失礼なことを言われているはずなのに、ぶっきらぼうなその言葉が少し嬉しかった。
「よしえだ・・・カエさん。」
「さん、は余計。カエでいい。」
「じゃあ、カエ。」
「なんだよ。」
「変な人ね、あなた。」
最後までちゃんといえていただろうか。こぼれそうになる涙を耐えながらそれだけ言った。
「アンタの減らず口はオプションかよ・・・。」
「まあ、そういうのも可愛いんじゃないの。」
「俺はこんな気の強いヤツ嫌だけどな。」
驚いてドアの方を見れば、金髪と黒髪の二人の姿があった。
「てめえら・・・いつからそこに・・・」
「カエの『気分どーよ』くらいから?」
金髪頭がにやにやしながら答える。
「さ、最初じゃない・・・!!!」
「そうとも言うね。

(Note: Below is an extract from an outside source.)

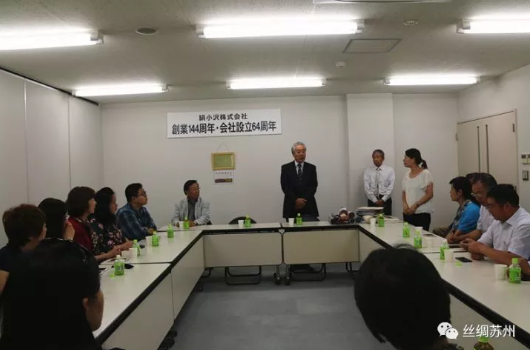 絹之里蠶絲博館的館長和絹小澤面料企業(yè)的社長親自接待,歡迎江蘇省絲綢行業(yè)一行的專家,在絹小沢的面料展示廳社長小林幸夫先生為我們介紹了使用群馬縣的特有蠶絲制成的和服內(nèi)襯,以及在日本獨特的高級品種“小石丸”的基礎上再開發(fā)制成的“新小石丸”面料。

ハイ。」
黒髪の彼が言いながら、私に花束を差し出した。花束、お見舞いとか禁止じゃなかったっけ。訳がわからず、差し出された花束と彼の顔を何度か見れば、お詫びを兼ねたお見舞いだと言った。
「女の子は、花とか好きでしょ?ブリザードフラワーとかいうやつ。枯れないから大丈夫。」
「頂いて、いいんですか。」
「うん。昨日は、ゴメン。ちょっと言い過ぎた。ええと、御園さんだったよね。俺は朝生涙。涙ってかいて、ルイね。んで、この喧嘩っ早いガキンチョが・・・」
「だー!ガキガキうるせぇよ!片桐沙紀。サキでいいぜ。」
「オマエは、バカでいいだろ。」
「カエ、サキはアホだろ。」
「どっちも一緒だろ、ルイとカエのばかやろー!!」
「・・・ふふ。」
「あ。」
金髪頭もといサキが私のほうを指差す。
「な、なによ・・・。」
「いま、笑ったろ。」
「…わ、笑ってない!!」
「いーや、笑ってた!」
「笑ってないってばっ…!」
自分で言っているのに、なんだかおかしくなってきて笑ってしまった。入院生活がはじまってから、こんなに笑ったことがあっただろうか。
本当に、久しぶりに笑った気がした。